Membership of the committee
11. The council is responsible for appointing a convener and section 43(6) requires that this must not be an officer or member of the council. The ASP Code of Practice published in October 2008, and revised in 2020, suggests that it would be good practice to appoint a convener who is independent of all bodies represented on the Committee, and certainly be independent of the council, the health board and the police. Although it is not a statutory requirement this guidance strongly endorses that good practice expectation. The section of this guidance relating to Governance covers matters to do with the appointment of conveners in more detail.
12. The Act states at section 43(2) that APC membership must include representatives of the public bodies outlined at paragraph 6 above, with the exception of the council and the Care Inspectorate. The omission of the council presumably reflects the fact that as the council has established the committee it will also have representation on the committee. In practice every APC has at least one, usually several, council representatives. Very few APCs have had HIS representation since the Act was implemented in 2008 although HIS do now sit as associate members of the National Conveners' Association.
13. The Care Inspectorate, the Mental Welfare Commission for Scotland and the Office of the Public Guardian may nominate a representative, but there is no requirement on them to do so. Should they make a nomination the APC must allow that person to attend.
14. In practice it is common for APCs to regard themselves as quorate if there is representation from the council, the NHS and Police Scotland. This is a pragmatic and appropriate position to take and is in keeping with the spirit of the legislation.
15. Sections 43(4) & (5) state that the council may also appoint any other such persons who appear to have skills and knowledge relevant to the functions of the committee. In practice across Scotland appointments to the committee are delegated to the APC itself, and this guidance regards this as being proportionate and appropriate. All committee members should be of sufficient seniority to represent their organisations in discussions and decisions about policy, resources and strategy.

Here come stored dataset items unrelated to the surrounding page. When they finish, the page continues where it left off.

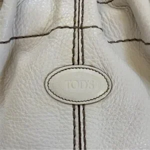 TOD'S Miky Easy Media Shoulder Handbag in White Pebbled Leather
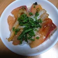 海苔を散らしたご飯の上に鯛の切り身と薬味を盛って、市販のゴマだれポン酢をかけて食べました😄ちょいわさびとごま油も良いアクセントに◎美味しかったです!!!
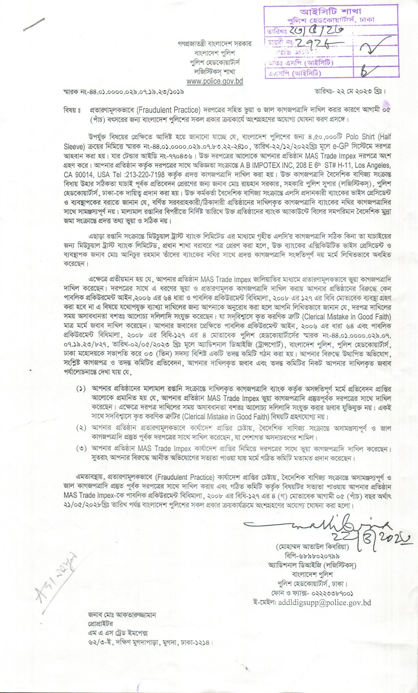 টেন্ডার থেকে অযোগ্য ঘোষনা , বিজ্ঞপ্তি নং-১০১৯ , তারিখঃ ২২/০৫/২০২৩ খ্রিঃ।

16. A wide range of statutory services contribute to the protection of adults at risk. Effective adult protection can only be achieved when it is planned and delivered within the wider context of public protection and community safety. APCs should therefore consider membership that includes representatives from Child Protection services, Multi Agency Public Protection Arrangements (MAPPA), Criminal Justice and Scottish Fire & Rescue.

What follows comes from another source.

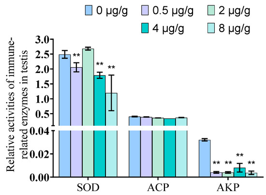 Enzyme activity detection of immunity-related factors. The enzyme activities of SOD and AKP in the testis decrease significantly, and ACP was no significant changed (** indicates significant compared with control group Significance. **: p < 0.01).

17. All APCs have a range of sub committees and membership of this need not be drawn from the APC itself. This gives the opportunity to engage other agencies in the work of the committee without having to be full committee members.
18. In this context it would be important to consider involvement and engagement with:
- services for adults, children and families
- other council services including housing, education, consumer protection, trading standards and community safety
- health services including general practitioners, allied health professionals, acute and psychiatric hospitals and community health services
- third and independent sector organisations e.g. care providers and carer groups
- the financial sector
- independent advocacy organisations
19. The need to support and protect adults at risk extends to adults within managed and registered care services, the NHS and independent hospitals and hospices. Where harm occurs or is suspected in these situations, the Care Inspectorate or HIS has a responsibility through its regulatory functions of inspection, investigating complaints and enforcement as well as a duty to make adult support and protection referrals. APCs will want to ensure a proper understanding of roles and responsibilities between the Care Inspectorate, HIS and local agencies who will have their own monitoring arrangements.
20. The Mental Welfare Commission for Scotland (MWC) has particular statutory responsibilities in relation to the care and treatment of people with mental disorders both in monitoring practice and carrying out inspections and inquiries as well as their duties to make adult support and protection referrals. APCs will want to ensure that arrangements are agreed and understood about the relationship between local agencies and the MWC in adult support and protection work. Similar understanding will need to be developed with the Office of the Public Guardian (Scotland). It may be that the National Conveners' Association can assist with this.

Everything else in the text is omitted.